Войти
A галогидриндегалогеназа является ферментом участвует в бактериальной деградации галогенгидринов живца . У некоторых видов бактерий он катализирует дегалогенирование галогидринов с образованием соответствующих эпоксидов. Различные изоформы фермента попадают в одну из трех групп: A, B или C. Галогеназы одного класса генетически схожи, но сильно отличаются от галогеназ из другой группы. В настоящее время наиболее хорошо изученной изоформой является HheC, очищенная от бактерий вида Agrobacterium radiobacter. Способность дегалогенировать органические соединения, а также образовывать энантиомерные селективные эпоксиды вызвала интерес к потенциалу этого фермента в области биохимии.
В настоящее время из трех известных классов галогидриндегалогеназ только два были описаны с помощью рентгеноструктурных исследований. Однако оба этих класса имеют схожую структуру, которую можно описать следующим образом (1): галогидриндегалогеназа имеет структуру тетрамера с симметрией, характерной для димера димеров. Каждая мономерная субъединица состоит из семи альфа-спиралей и девяти бета-листов. Эти мономеры взаимодействуют через две самые длинные альфа-спирали с образованием альфа-спирального пучка с образованием димера. Конечная четвертичная структура образуется, когда два димера взаимодействуют посредством различного набора альфа-спиралей и антипараллельных бета-слоев; Считается, что взаимодействия между бета-слоями представляют собой комбинацию как гидрофобного, так и электростатического притяжения.
На каждую мономерную субъединицу приходится приблизительно один каталитический сайт, что дает в общей сложности четыре возможных каталитических сайта на ферментативном тетрамере. Активный центр состоит из каталитической триады Ser132-Tyr145-Arg149. Остатки серина и тирозина стабилизируют субстрат и его промежуточное соединение, в то время как аргинин изменяет pKa Tyr145, делая его каталитически активным.

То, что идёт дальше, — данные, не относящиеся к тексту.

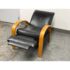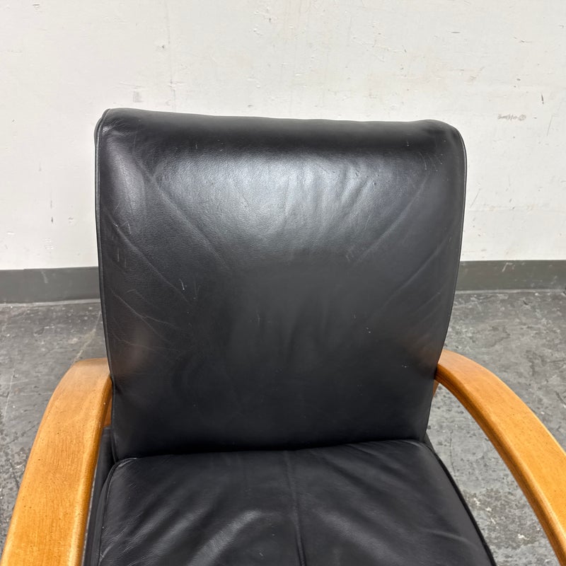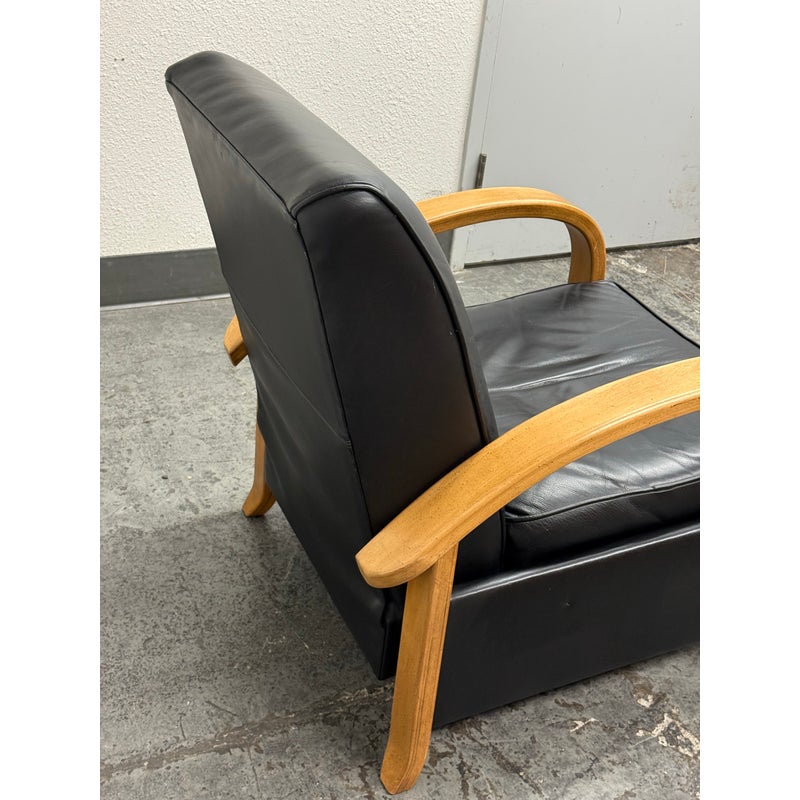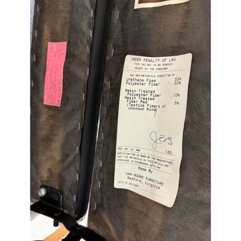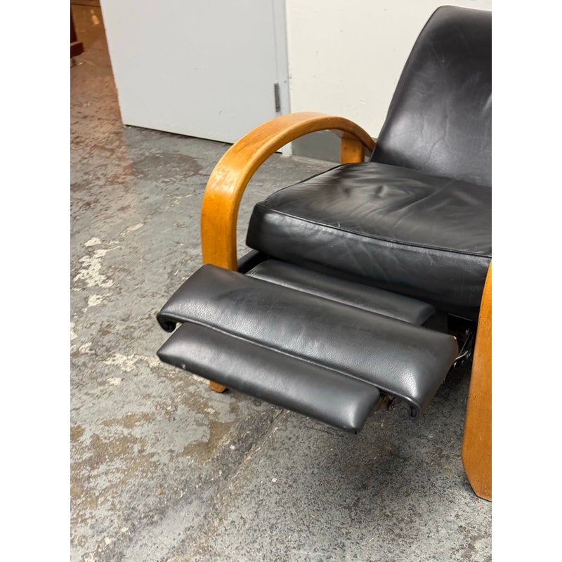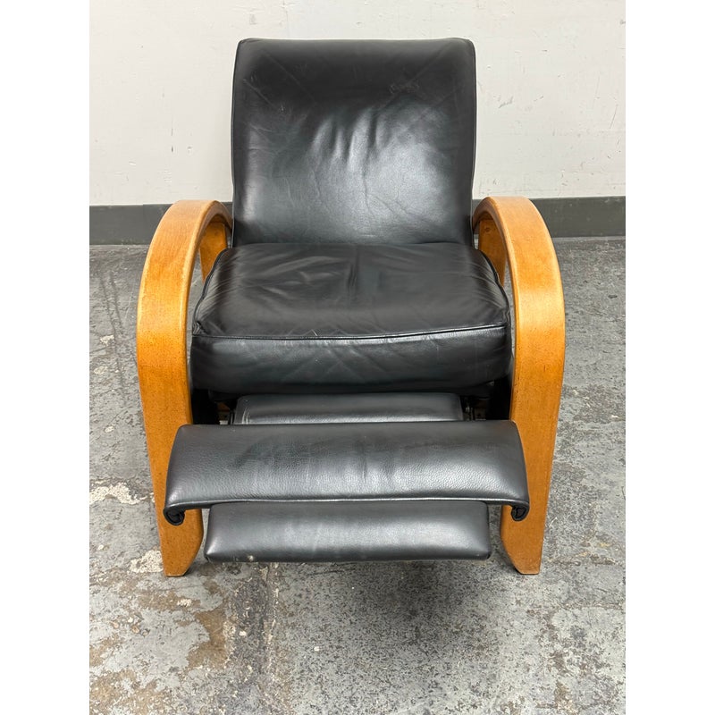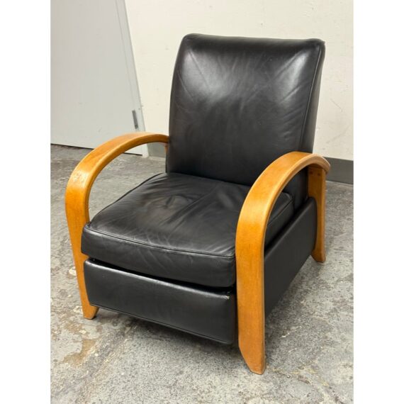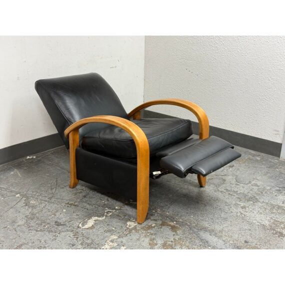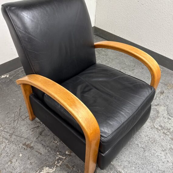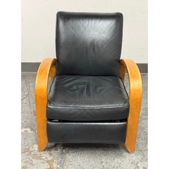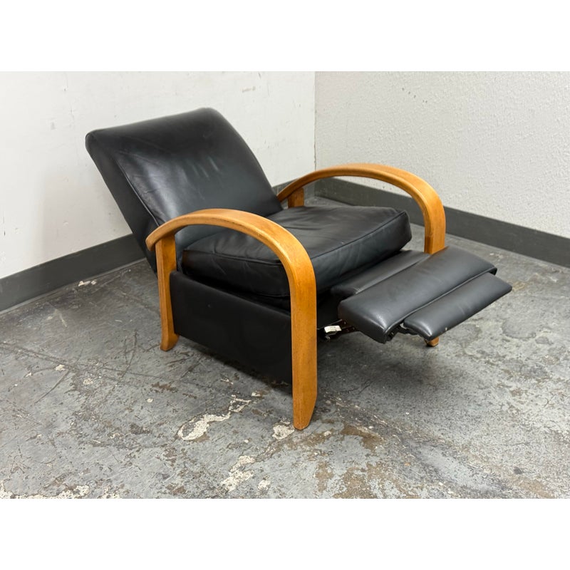 Design Plus Gallery presents a Leather Recliner from Sam Moore Furniture. The post modern styled recliner is meant for everyday comfort as it allows you to relax with ease without overwhelming the room. This inviting recliner pairs tailored leather upholstery with gracefully curved wood arms, creating a balanced look that works well in both classic and contemporary interiors. Upholstered in their Arizona Onyx leather with the sculpted Tawyn stained wood finish to its frame creates an appealing visual contrast for your home. In good condition visible and lived in wear. Made in the USA.

Галогидриндегалогеназа механически расщепляет связь углерод-галоген за счет образования эпоксида из вицинальной гидроксильной группы. Субстрат связывается с активным центром посредством водородной связи, которая координируется Ser132 и депротонированной формой Tyr145. Неспособность депротонировать Tyr145 остатком Arg149 приводит к дестабилизации взаимодействия между ферментом и субстратом, что приводит к снижению биологической активности. Кислород в Tyr145 депротонирует гидроксильную группу субстрата. Депротонированный кислород затем действует как нуклеофил и выполняет реакцию Sn2 на вицинальном углероде, который связан с галогеном; это высвобождает ион галогена и одновременно образует эпоксид. Дегалогеназы также способны катализировать раскрытие цикла эпоксида. Активный центр достаточно велик, чтобы вместить нуклеофил, который может осуществлять нуклеофильную атаку на эпоксид, раскрывая эпоксидное кольцо и добавляя новую функциональную группу к субстрату.
Общий механизм действия галогидриндегалогеназ Что касается Геометрия продукта, дегалогеназы класса A и B имеют низкую селективную предпочтительность в отношении (S) -эпоксидного изомера. Однако образование изомера (R) -эпоксида, катализируемое ферментами класса C, особенно HHeC, является высоким. В одном исследовании сообщается, что HHeC катализирует (R) -эпоксид до 99% энантиомерного избытка. Однако технология очистки этого фермента и его использования в промышленном масштабе еще предстоит оптимизировать.